In New York, each citizen has the right to freely speak, write, and publish his sentiments on all subjects, and no law may be passed that restrains or abridges the liberty of speech or the press.
The New York Constitution is construed as providing than the First
Amendment of the U.S. Constitution. (e.g., the New York Court of Appeals held that a ban on nude dancing where liquor is sold violates free speech under the New York Constitution, while the U.S. Supreme Court held that such a ban does not violate free speech under the U.S. Constitution.)

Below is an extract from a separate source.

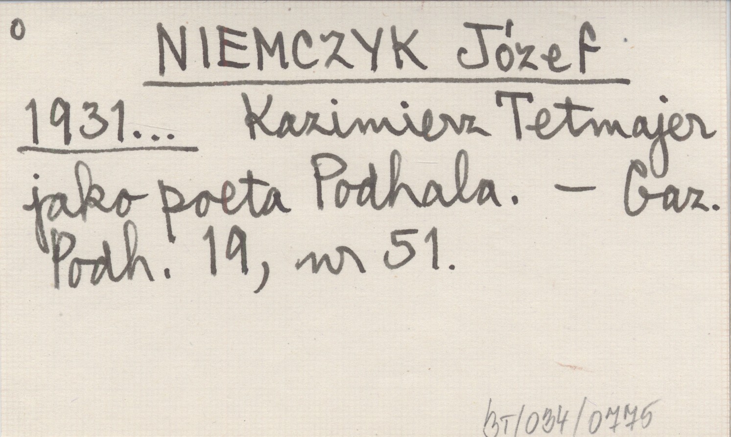 NIEMCZYK Józef 1931... Kazimierz Tetmajer jako poeta Podhala.

FREEDOM OF RESEARCH & RELIGIOUS LIBERTY
The First Amendment provides that “Congress shall make no law respecting an establishment of religion, or prohibiting the free exercise thereof.” Where an individual’s conduct is motivated by his religious beliefs, the state may regulate or prohibit the activity if the regulation is neutral in respect to religion and is of general applicability.
The U.S. Supreme Court has ruled that when a state law of general application (such as a ban on the use of narcotics) imposes a burden on religious activity (such as the use of peyote in the rituals of a particular religion), the free exercise clause of the U.S. Constitution does not require the state to grant a special exemption for the religious activity.
Most government programs providing direct aid to parochial elementary and high schools have been held to violate the Establishment Clause, because they involve “excessive government entanglement” with religion.
Programs that provide aid to all elementary and secondary students (including parochial school students) have been held to “pass” the threeprong Lemon test.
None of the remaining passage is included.